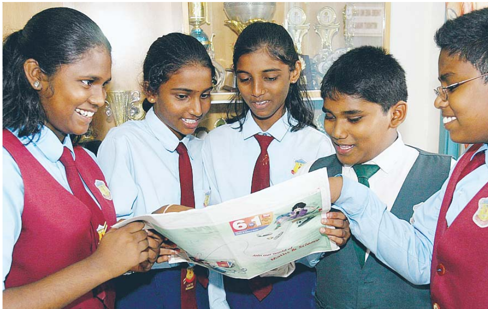
USEFUL LEARNING AID: Pupils of SJK(T) Effingham checking out a preview copy of The Star's new 6 to 1 pullout at their school in Bandar Utama, Petaling Jaya, last week.

Launched today, the Monday pullout is only available to schools that order The Star . The
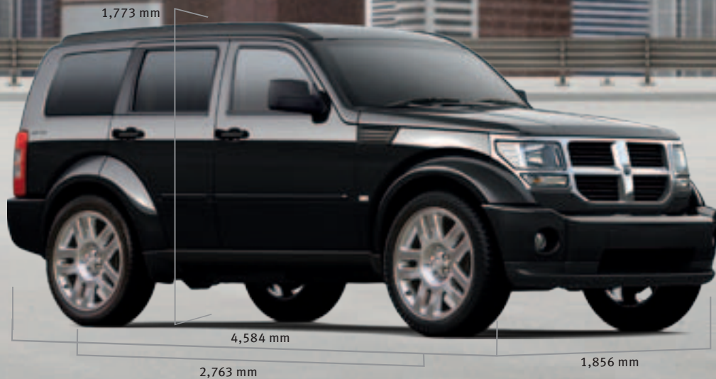
NITRO SX IN BRILLIANT BLACK
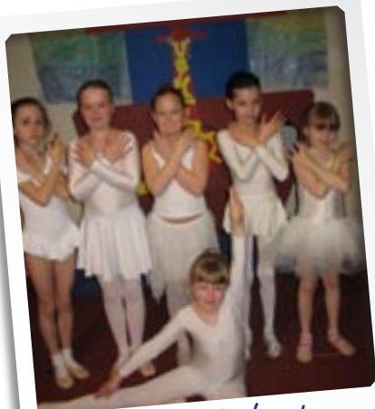
The Rainboat production
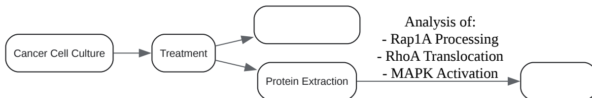
Figure 1: Mechanism of Action of GGTI-286.

Click to download full resolution via product page
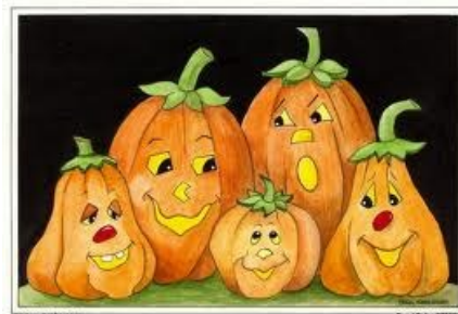
$7.00 per pumpkin.

Parents: Help us by signing your LIFE group up to run games and help organize your car for Trunk or Treat. We will be utilizing the west circle drive for this event and we want to have many "trunks" participating. Decorate your car trunk in an Fall motif and greet trick or treaters as kids visit from car to car. Look for the bins around the building and donate candy for the night.

• • • • •

Prompt: Leaving out the pictures, reproduce the whole listing above exactly.

Expected output:
USEFUL LEARNING AID: Pupils of SJK(T) Effingham checking out a preview copy of The Star's new 6 to 1 pullout at their school in Bandar Utama, Petaling Jaya, last week.

Launched today, the Monday pullout is only available to schools that order The Star . The
NITRO SX IN BRILLIANT BLACK
The Rainboat production
Figure 1: Mechanism of Action of GGTI-286.

Click to download full resolution via product page
$7.00 per pumpkin.

Parents: Help us by signing your LIFE group up to run games and help organize your car for Trunk or Treat. We will be utilizing the west circle drive for this event and we want to have many "trunks" participating. Decorate your car trunk in an Fall motif and greet trick or treaters as kids visit from car to car. Look for the bins around the building and donate candy for the night.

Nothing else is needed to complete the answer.